3. In afwijking van het tweede lid kan de beslaglegger beslag leggen op een vordering tot periodieke betaling die later is opgenomen in de volgorde van de onderdelen in het eerste lid, indien hij ter invordering van zijn vordering tot aan de vastgestelde beslagvrije voet bij deze periodieke betaling kan volstaan met een beslag onder één derde en hij bij toepassing van het tweede lid genoodzaakt is onder meerdere derden beslag te leggen.
4. Indien reeds beslag ligt op een andere vordering tot periodieke betaling houdt de beslaglegger die het latere beslag legt bij de vaststelling van de hoogte van de beslagvrije voet rekening met dit beslag.
5. Bij meerdere beslagen op vorderingen tot periodieke betaling als bedoeld in het eerste lid, onderdelen a tot en met i, wordt de beslagvrije voet omgeslagen in verhouding tot de hoogte van deze betalingen voor zover toepassing van het tweede of derde lid ertoe leidt dat een opvolgend beslaglegger beslag legt op een andere vordering dan de vordering waarop reeds beslag is gelegd.
6. Een beslag dat in strijd met het tweede of derde lid wordt gelegd, kan binnen drie jaar na het leggen van het beslag worden vernietigd door de geëxecuteerde of door een andere beslaglegger.

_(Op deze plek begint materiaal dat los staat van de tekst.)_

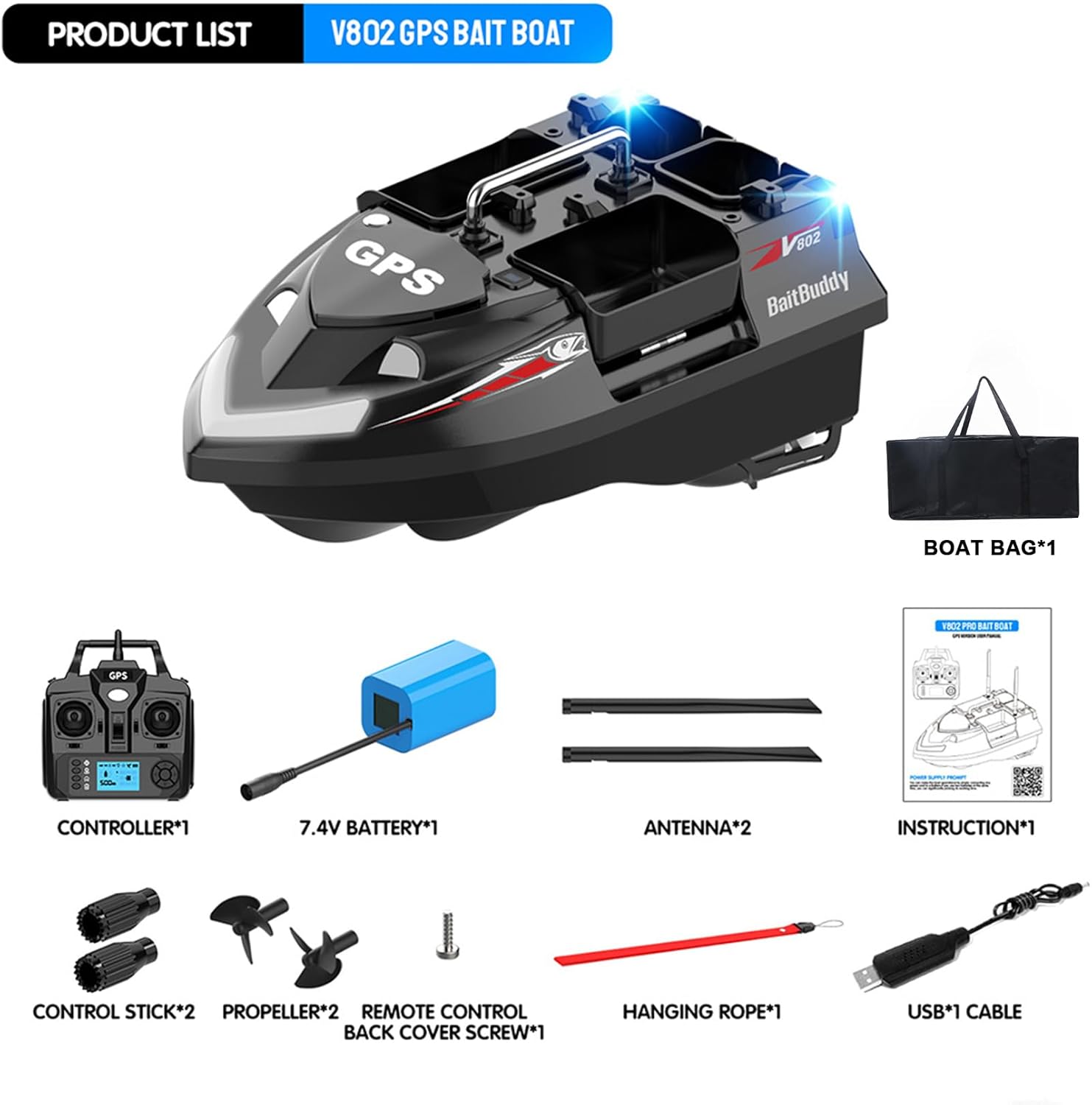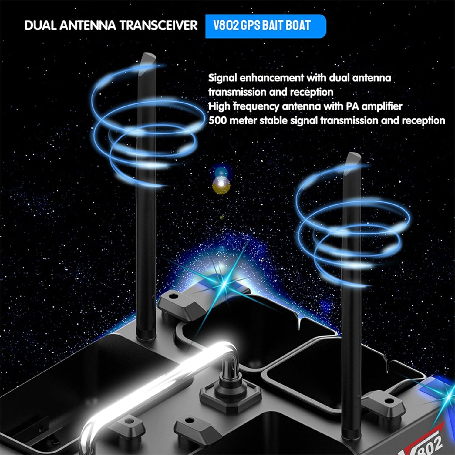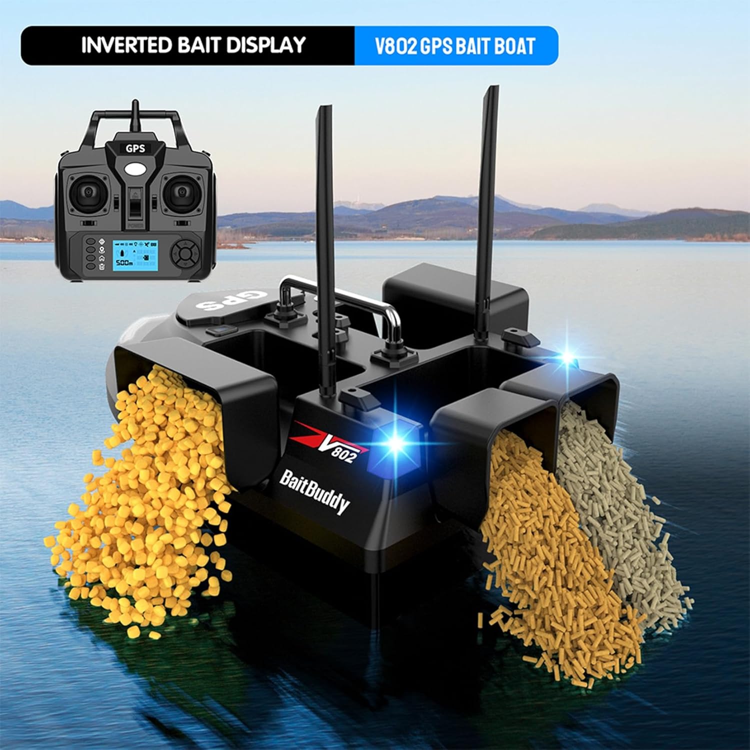 Il design migliorato con due antenne garantisce una trasmissione del segnale più stabile e un'elevata resistenza alle interferenze. Ciò consente una portata estremamente ampia del telecomando fino a 500 metri (senza altri forti fattori di interferenza). Quattro contenitori di mangime sono controllati in modo indipendente per garantire un rilascio preciso dell'esca e quindi soddisfare le diverse esigenze di pesca. Supporta curve avanti, indietro, sinistra e destra, offrendo un funzionamento flessibile e adattabile alle diverse condizioni dell'acqua. Il design a doppio cavo di alimentazione garantisce un'alimentazione ininterrotta con due batterie per una maggiore durata della batteria (questo modello viene fornito con una sola batteria; si prega di acquistare più batterie separatamente). Un allarme automatico di batteria scarica impedisce interruzioni del funzionamento. La mangiatoia è dotata di luci di navigazione notturna luminose per una navigazione notturna più sicura. Un indicatore di direzione posteriore indica chiaramente la direzione di marcia. Due modalità di illuminazione (luce fissa/lampeggiante) si adattano a diverse condizioni ambientali. Il mangiatoia supporta quattro zone di pesca e 160 posti di pesca e soddisfa così le diverse esigenze di pesca. La trasmissione a distanza in tempo reale consente di misurare le distanze in acqua.

7. Een derde-beslagene die een betaling heeft gedaan aan een deurwaarder die in strijd met artikel 475c, tweede of derde lid, een executoriaal beslag heeft gelegd dat is vernietigd, heeft niettemin bevrijdend betaald.
Uitleg in duidelijke taal
1. Een beslagvrije voet is verbonden aan vorderingen tot periodieke betaling van:
Dit lid specificeert dat een beslagvrije voet van toepassing is op vorderingen die periodiek (regelmatig terugkerend) betaald moeten worden, en wel voor de volgende categorieën:
a. uitkeringen op grond van de Participatiewet;
Dit betreft uitkeringen die worden verstrekt op basis van de Participatiewet.
b. uitkeringen op grond van overige sociale zekerheidswetten, uitgezonderd kinderbijslag onder welke benaming ook;
Dit betreft uitkeringen die worden verstrekt op basis van andere sociale zekerheidswetten, met als uitzondering kinderbijslag, ongeacht hoe deze wordt genoemd.
c. uitkeringen of buitengewone pensioenen op grond van een wettelijke regeling voor oorlogsgetroffenen;
Dit betreft uitkeringen of speciale pensioenen die worden verstrekt op basis van een wettelijke regeling die bedoeld is voor personen die slachtoffer zijn van oorlog (oorlogsgetroffenen).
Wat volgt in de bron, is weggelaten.